We can discover some findings
* Patients with Infiltration is the highest and Hernia is the lowest.
* The number of male patients in all diseases is higher than female patients except for Cardiomegaly and Hernia
* The number of male patients is also higher than female patients for 'No Finding' x-rays

**Assumption: This imbalance data might affect our training model since it can get biased towards the x-ray infected with Infiltration disease**

Remember that this is just an assumption we make by just looking at the graph above

Now let's look at the 'Finding Labels' for each data

In [None]:
# plot the distribution of data
count_per_unique_label = data['Finding Labels'].value_counts() # get frequency counts per label
df_count_per_unique_label = count_per_unique_label.to_frame() # convert series to dataframe for plotting purposes

print(df_count_per_unique_label) # view tabular results

In total, we have 836 different states of chest x-ray

For simplicity, we can just look at the diseases in the top 20 and convert them into a graph

In [None]:
g = sns.barplot(x = df_count_per_unique_label.index[:20], y="Finding Labels", data=df_count_per_unique_label[:20]), plt.xticks(rotation = 90)
plt.title('Label Distribution')

We can see here that 'No Finding' label outnumbers all diseases with a very big gap, but don't worry since this is a real-world data that we might also encounter in medical imaging

Now let's leave the 'No Finding' label out and group patients with multiple diseases and count them in according to the disease. 

For example:
Patient with Infiltration | Nodule | Mass is counted in to Infiltration, Nodule, and Mass individually.

In [None]:
# create clean labels for the diseases which exclude the 'No Finding' label
clean_labels = data[diseases].sum().sort_values(ascending= False) # get sorted value_count for clean labels
print(clean_labels) # view tabular results

# plot the data
clean_labels_df = clean_labels.to_frame()
sns.barplot(x = clean_labels_df.index[::], y=0, data = clean_labels_df[::]), plt.xticks(rotation=90)
plt.title('Diseases distribution without "No Finding" label')

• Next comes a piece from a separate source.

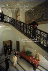 En simple tenue d'évêque il a retrouvé "ses" séminaristes pour une lectio divina a braccio (cf. La lectio divina au Séminaire de Rome). Dans le site de photos de l'OR on trouve quelques images du Saint-Père arrivant au séminaire et marchant jusqu'à la chapelle avec une canne qui disparaît lorsqu'il retrouve les séminaristes, cela me rassure surtout lorsque l'on constate avec quelle facilité il s'agenouille et se relève après un court temps de recueillement.

Seems like infiltration is the most common diseases from both gender

Let's breakdown the graph above into individual graphs according to the diseases

In [None]:
# visualize individual disease against patients' age, associated with gender
f, ax = plt.subplots(7, 2, sharex=True, figsize=(15, 20)) # 7x2 subplots with shared x value, 15x20 size
i = j = 0 # variables to iterate between subplots
x=np.arange(0,100,10)
for disease in diseases:
    g = sns.countplot(x='Patient Age', hue='Patient Gender', data=data[data['Finding Labels'] == disease], ax=ax[i,j])
    ax[i, j].set_title(disease)   
    g.set_xlim(0,90)
    g.set_xticks(x)
    g.set_xticklabels(x)
    j=(j+1)%2
    if j==0:
        i=(i+1)%7
f.subplots_adjust(hspace=0.3)

Do you see something unusual here?
> All graphs are quite evenly distributed, showed by a bell curve in each graph. The peak (highest curve) in the middle of the graph represents the variability of data dispersion.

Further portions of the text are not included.